• **RECORDED INFORMATION**
>>>
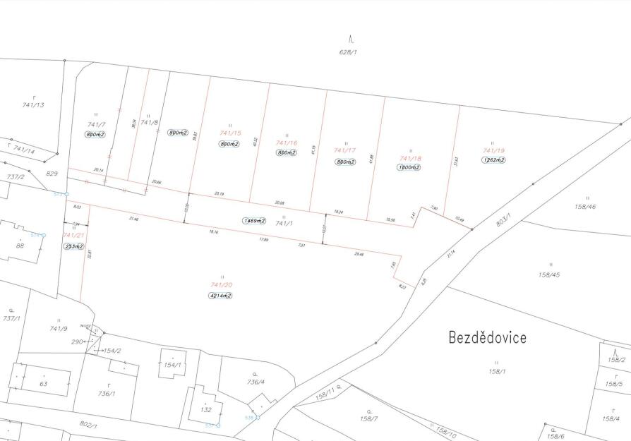 Nabízíme Vám ke koupi stavební pozemek o celkové výměře 800 m², který se nachází v obci Bezdědovice nedaleko Blatné, přímo vedle stávající zástavby rodinných domů (pozemky 741/15, 741/16, 741/17, 741/18). Díky své poloze nabízí pozemek příjemné a klidné prostředí s těsnou blízkostí lesa a pohodlným přístupem na komunikaci. Pozemek je územním plánem určen pro výstavbu rodinného domu (plocha smíšená obytná – SO). Hlavní využití je bydlení v rodinných domech, přípustné využití pak zahrnuje nízkopodlažní budovy, bytové domy a stavby pro rodinnou rekreaci. Parcela disponuje maximální zastavitelností 40 % plochy a umožňuje výstavbu do výšky 2 nadzemních podlaží včetně podkroví. Podmínkou výstavby je odstup minimálně 3,5 m od hranice lesa i od sousedních staveb (tato vzdálenost platí i pro oplocení). Na objektech jsou povoleny sedlové nebo valbové střechy se sklonem minimálně 30. V současnosti je již podána přihláška na připojení k elektrické síti. Obec nemá plánovanou výstavbu kanalizace, proto je nutné odpadní vody řešit vlastní domovní ČOV. Ke každému pozemku bude přivedena vodovodní přípojka (šachta) na náklady prodávajícího. Ideální příležitost pro klidné bydlení v blízkosti přírody a s výbornou dostupností do nedaleké Blatné. Pro bližší informace nebo prohlídku nás neváhejte kontaktovat. Pro komunikaci uvádějte evidenční číslo zakázky N107597.
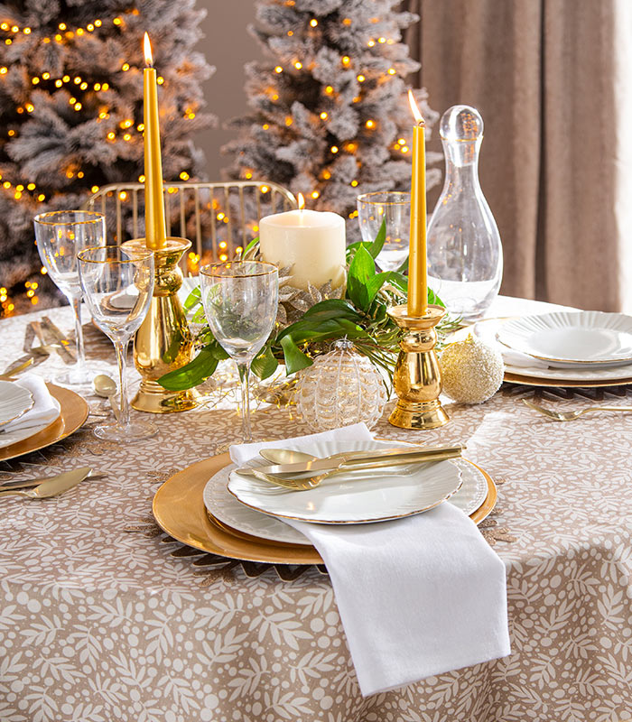 Ξεκίνα με ένα τραπεζομάντηλο σε απαλό μπεζ ή λευκό με διακριτικό σχέδιο, ώστε να δώσει υφή στο τραπέζι χωρίς να «φορτώσει» το αποτέλεσμα. Πρόσθεσε χρυσά chargers κάτω από τα λευκά πιάτα πορσελάνης και ολοκλήρωσε το στρώσιμο με λευκές πετσέτες που πέφτουν κομψά πάνω στο πιάτο.
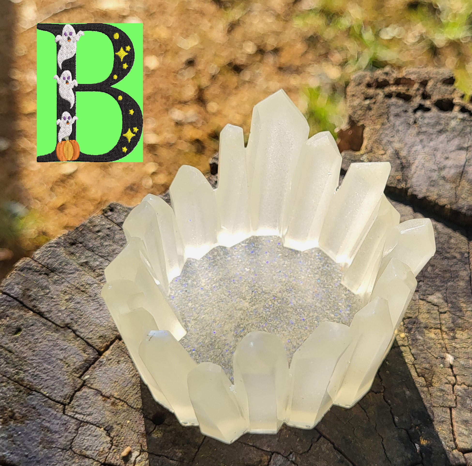 Enhance your witchy and spooky ambiance with a stunning crystal candle holder. Made with high-quality resin and beautifully designed, this unique piece will add an enchanting touch to your decor. Browse our collection and find the perfect crystal candle holder for your mystical space.This candle holder glows in the dark when charged in the light or blacklight. Tea light candles are included in purchase.
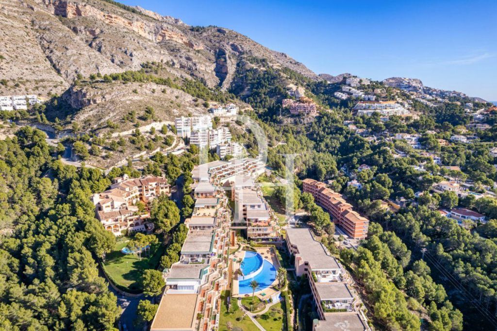 This apartment in the sought-after urbanization of Altea la Nova is situated just 1 km from the prestigious Altea Golf Club and 2 km from Altea la Vella, where all services are available. It is also 2 km from the sea. The urbanization features extensive green areas and spectacular swimming pools. The 91 m² apartment includes an entrance hall, 2 bedrooms, 2 bathrooms (one en suite), a separate kitchen with an adjoining laundry room, and a bright living room. Both the master bedroom and the living room open onto a sunny 27 m² terrace with incredible mountain and sea views, perfect for enjoying the Costa Blanca's privileged climate year-round. The property is equipped with hot/cold air conditioning and includes a garage space with a storage room.
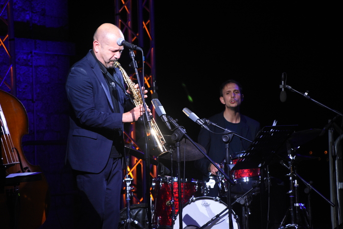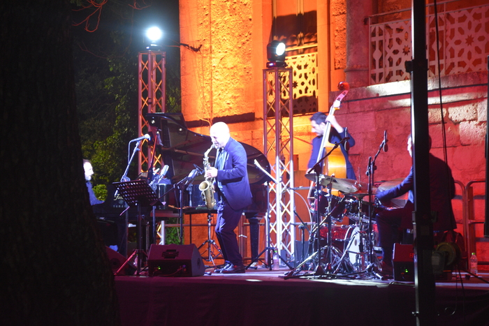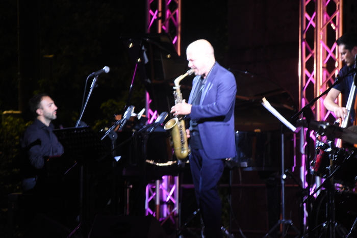 “Noi siamo emozionati di suonare per voi questa sera, questa estate stiamo lavorando tanto, il nostro è un lavoro ma soprattutto un piacere, suonare è una cosa impagabile”, così ha esordito sul palco il musicista romano dopo la prima triade di brani. Il musicista romano si è esibito accompagnato dai suoi immancabili strumenti musicali, un sax Selmer Mark VI con un bocchino Meyer 6M (ance Rico Hemke n°3) mentre il soprano è uno Yamaha 62R con un Otto Link 6* (ance Rico Royal n°3) ma soprattutto accompagnato da musicisti di alto valore: Fred Nardin al pianoforte, Daniele Sorrentino al contrabbasso e André Ceccarelli alla batteria.
<<<
• **WHAT IS NEEDED**
In the entries above, find the line with "Ξεκίνα με ένα" and the line with "Enhance your witchy". Return exactly those lines and all the ones between them, pictures excluded.

• **ANSWER SECTION**
 Ξεκίνα με ένα τραπεζομάντηλο σε απαλό μπεζ ή λευκό με διακριτικό σχέδιο, ώστε να δώσει υφή στο τραπέζι χωρίς να «φορτώσει» το αποτέλεσμα. Πρόσθεσε χρυσά chargers κάτω από τα λευκά πιάτα πορσελάνης και ολοκλήρωσε το στρώσιμο με λευκές πετσέτες που πέφτουν κομψά πάνω στο πιάτο.
 Enhance your witchy and spooky ambiance with a stunning crystal candle holder. Made with high-quality resin and beautifully designed, this unique piece will add an enchanting touch to your decor. Browse our collection and find the perfect crystal candle holder for your mystical space.This candle holder glows in the dark when charged in the light or blacklight. Tea light candles are included in purchase.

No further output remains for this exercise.